= PROBLEM DESCRIPTION =
Extract precisely the lines that run from the line containing "Papírové talíře Minecraft" to the end of the records below, with both ends included and pictures omitted.

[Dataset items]
═══
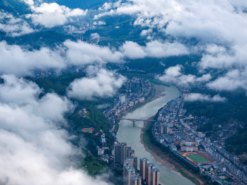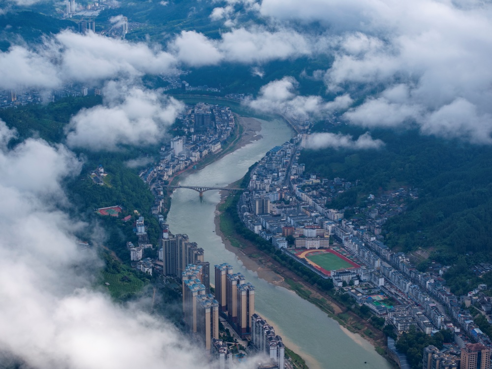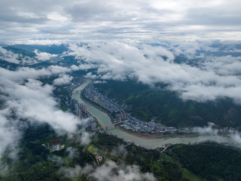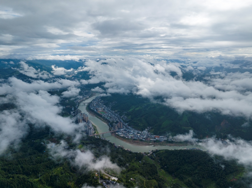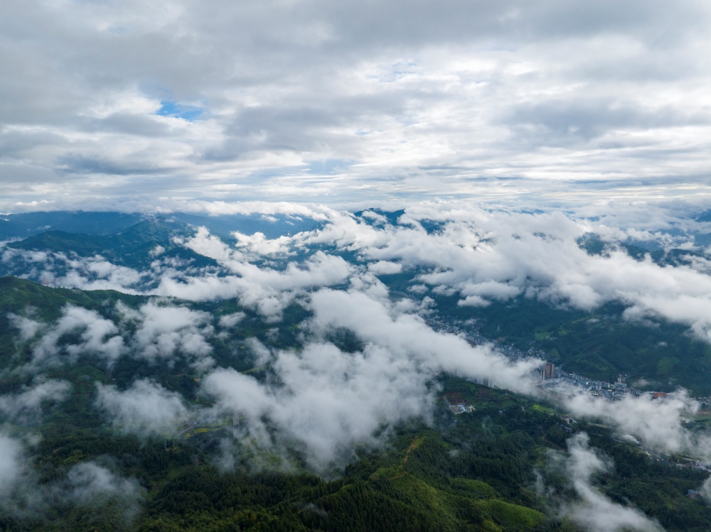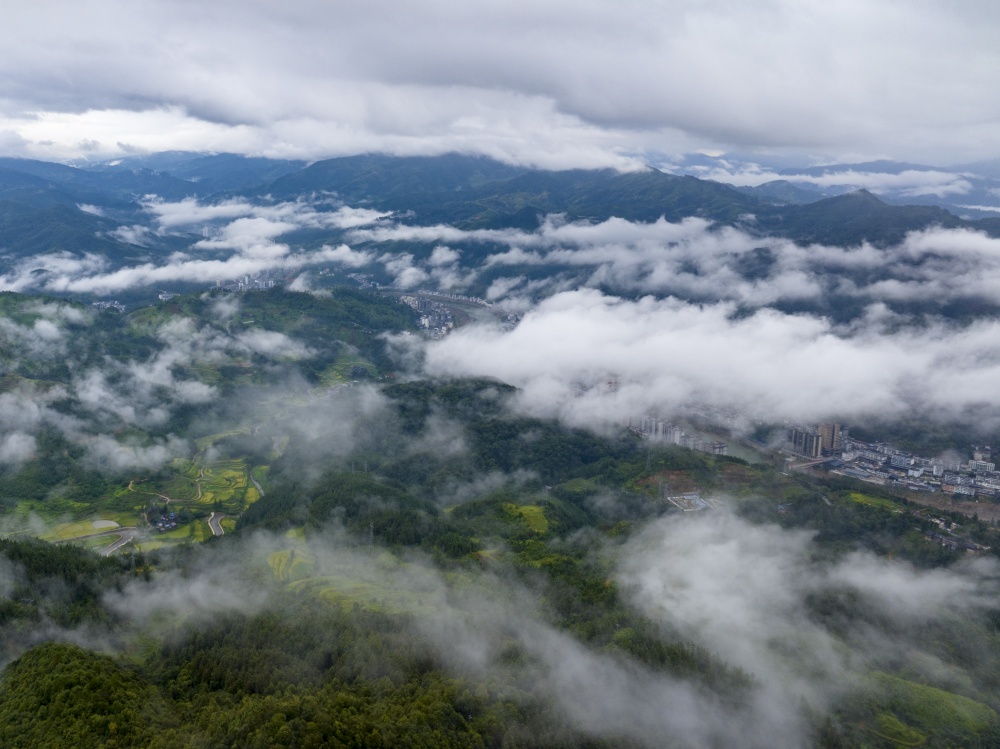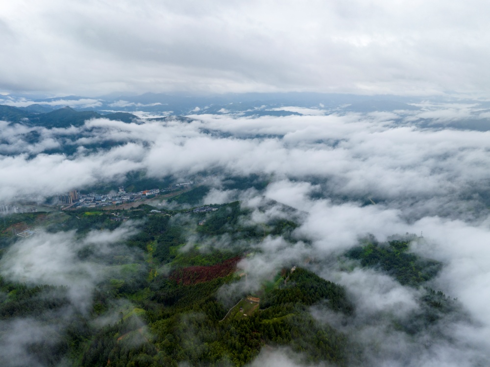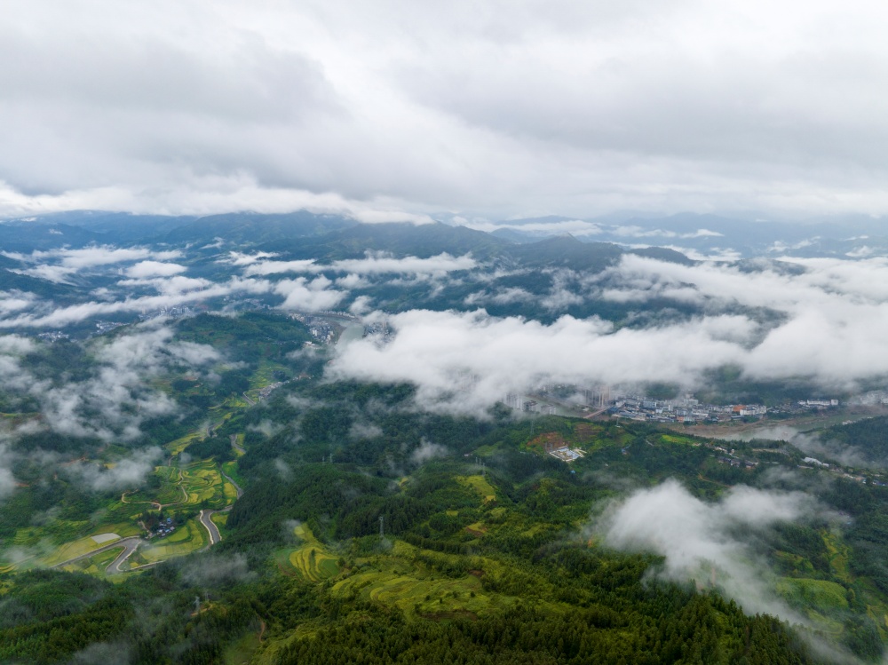 當日,雨后初晴,貴州省黔東南苗族侗族自治州從江縣城上空云霧繚繞,城市建筑、道路、橋梁、青山、田園、河流在云霧的籠罩下,若隱若現(xiàn),宛如仙境。
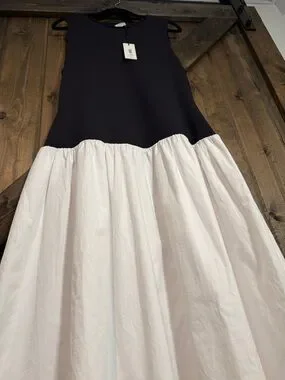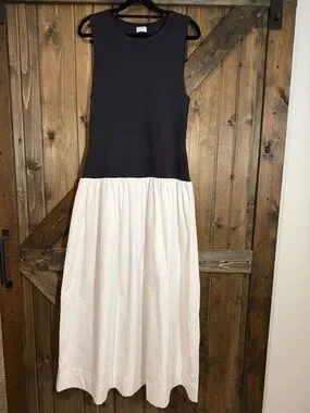 Sleeveless maxi dress with fitted black bodice and flowing white skirt. Clean, minimalist colorblock design. Light, airy skirt with subtle volume. Easy, elegant silhouette for day or evening.
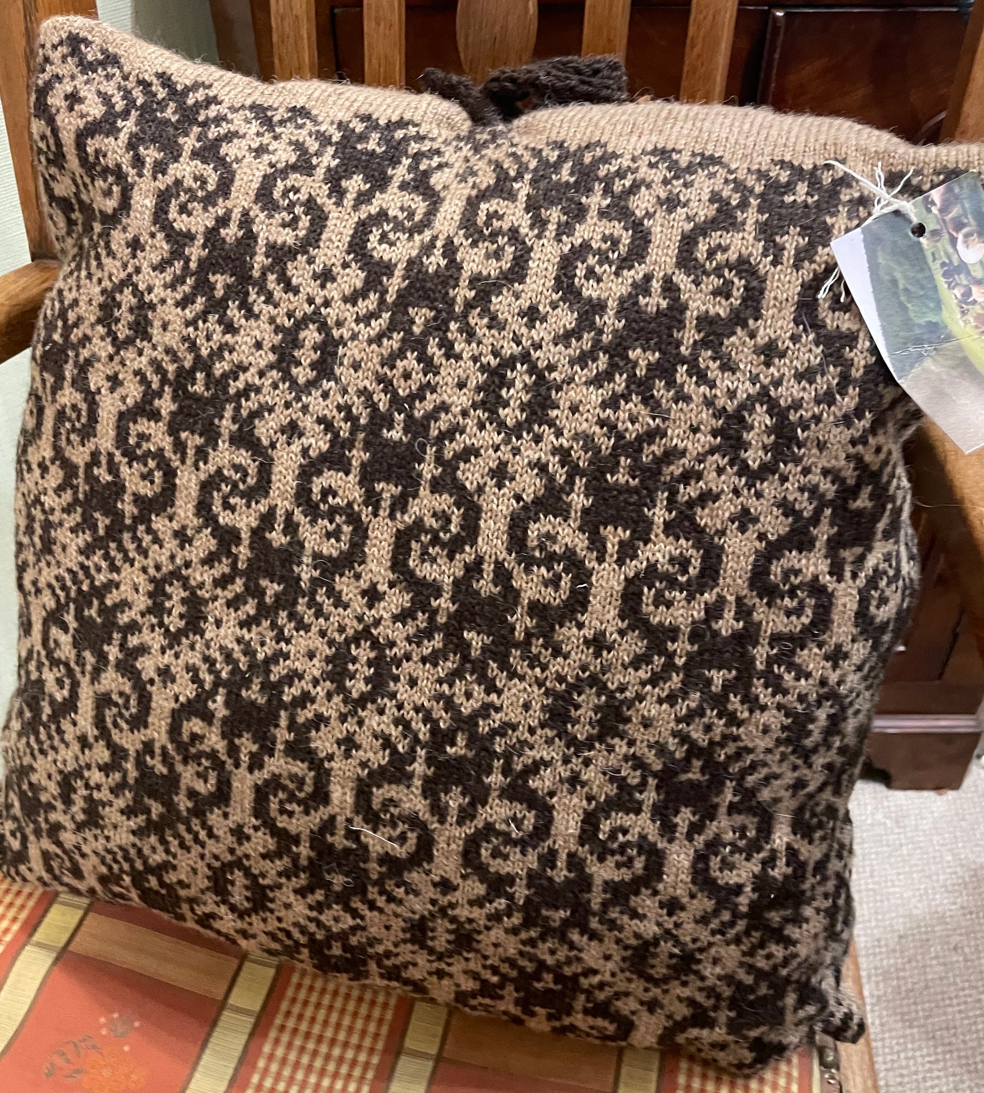 Woollen cushion designed by Lesley Wickham Cwmchwefru Wool, made with quality wool from her own sheep, carefully bred for a natural range of colours.
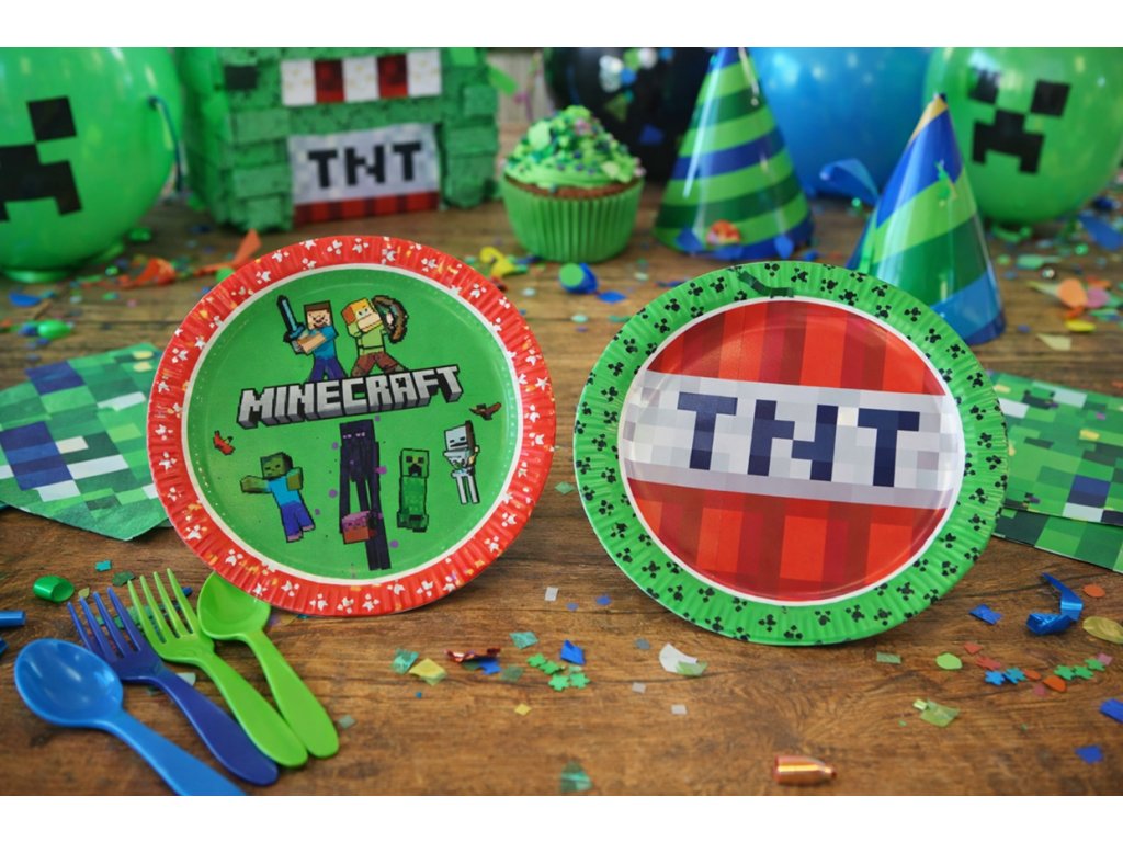 Papírové talíře Minecraft pro parádní párty kluků i holek. V balení najdeš 8 kusů ve dvou variantách této legendární hry. Průměr party talířů je 23 cm.Produkt s certifikátem FSC - pokud vidíte na výrobku logo FSC, můžete si být jisti, že svým nákupem podporujete šetrné lesní hospodaření s ohledem k přírodě.
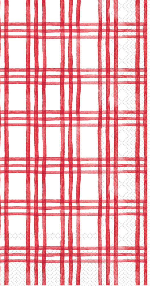 A lively brushstroke red plaid on crisp white paper gives the Holly Jolly Guest Towel a bright, tailored look for the powder room or buffet. Soft, absorbent, and disposable, these paper guest towels offer effortless hosting and a cheerful pop of pattern you can mix with solids or other plaids. Approximate dimensions are 4.5 x 1 x 8.25 inches. German printed on soft, 3-ply paper.
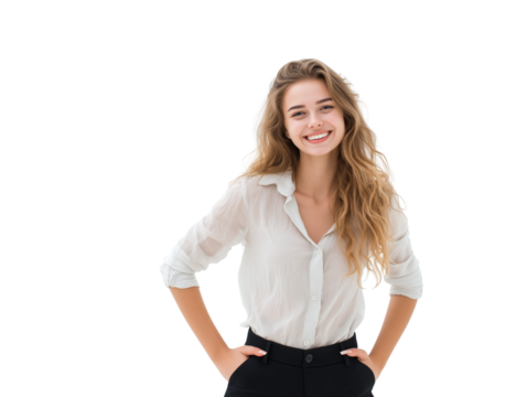 Portrait of a cheerful young businesswoman with a radiant smile and long wavy hair, posing confidently with hands in pockets, isolated on a white background.
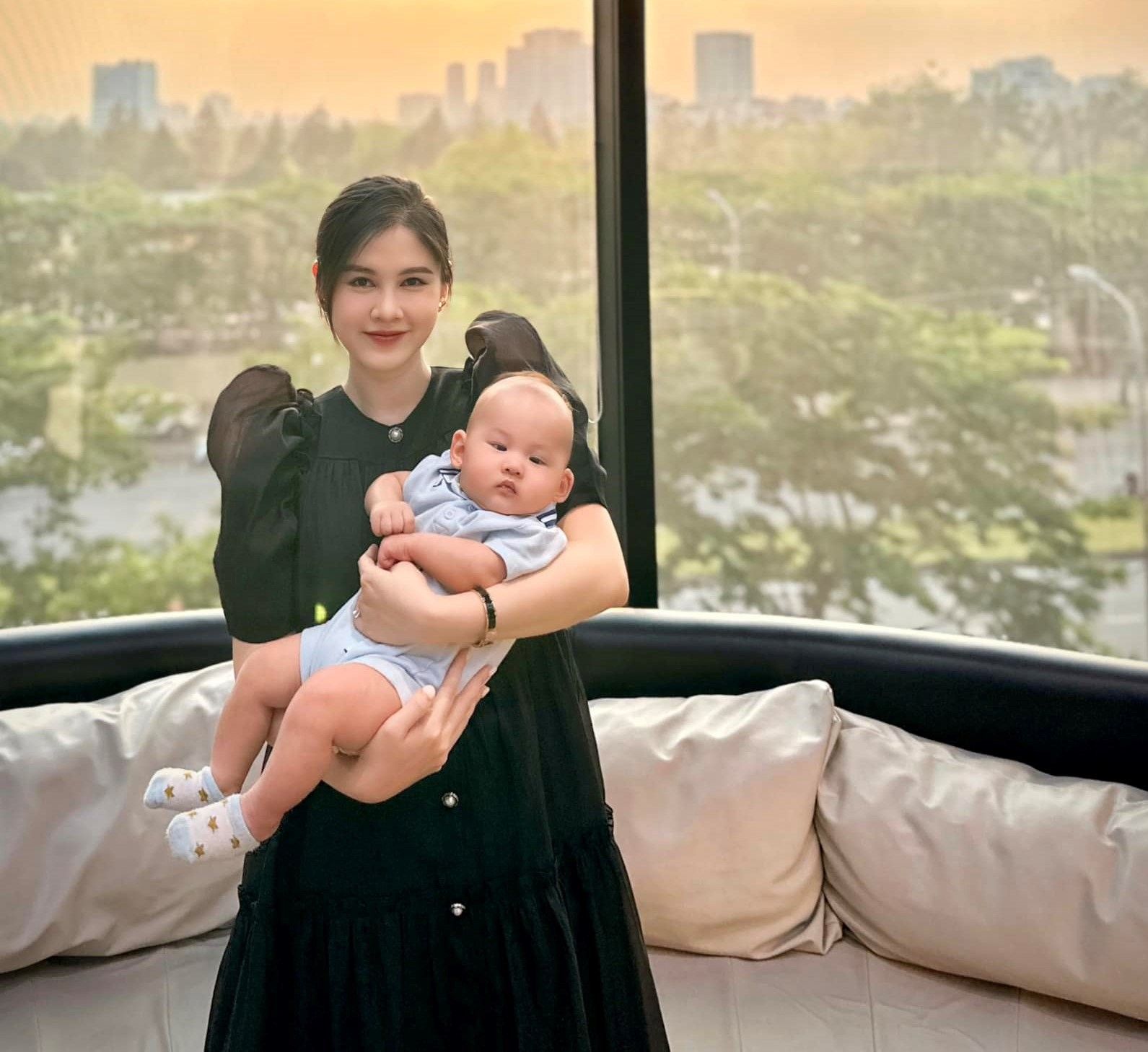 Sau sinh, quý cô có mũm mĩm nhưng lại là sự đầy đặn dễ thương. Với làn da trắng hồng, gương mặt ngũ quan hài hòa nên trông mẹ bỉm ở nhiều tấm hình dễ thương như búp bê.
═══
= SOLUTION FOR THIS EXERCISE =
 Papírové talíře Minecraft pro parádní párty kluků i holek. V balení najdeš 8 kusů ve dvou variantách této legendární hry. Průměr party talířů je 23 cm.Produkt s certifikátem FSC - pokud vidíte na výrobku logo FSC, můžete si být jisti, že svým nákupem podporujete šetrné lesní hospodaření s ohledem k přírodě.
 A lively brushstroke red plaid on crisp white paper gives the Holly Jolly Guest Towel a bright, tailored look for the powder room or buffet. Soft, absorbent, and disposable, these paper guest towels offer effortless hosting and a cheerful pop of pattern you can mix with solids or other plaids. Approximate dimensions are 4.5 x 1 x 8.25 inches. German printed on soft, 3-ply paper.
 Portrait of a cheerful young businesswoman with a radiant smile and long wavy hair, posing confidently with hands in pockets, isolated on a white background.
 Sau sinh, quý cô có mũm mĩm nhưng lại là sự đầy đặn dễ thương. Với làn da trắng hồng, gương mặt ngũ quan hài hòa nên trông mẹ bỉm ở nhiều tấm hình dễ thương như búp bê.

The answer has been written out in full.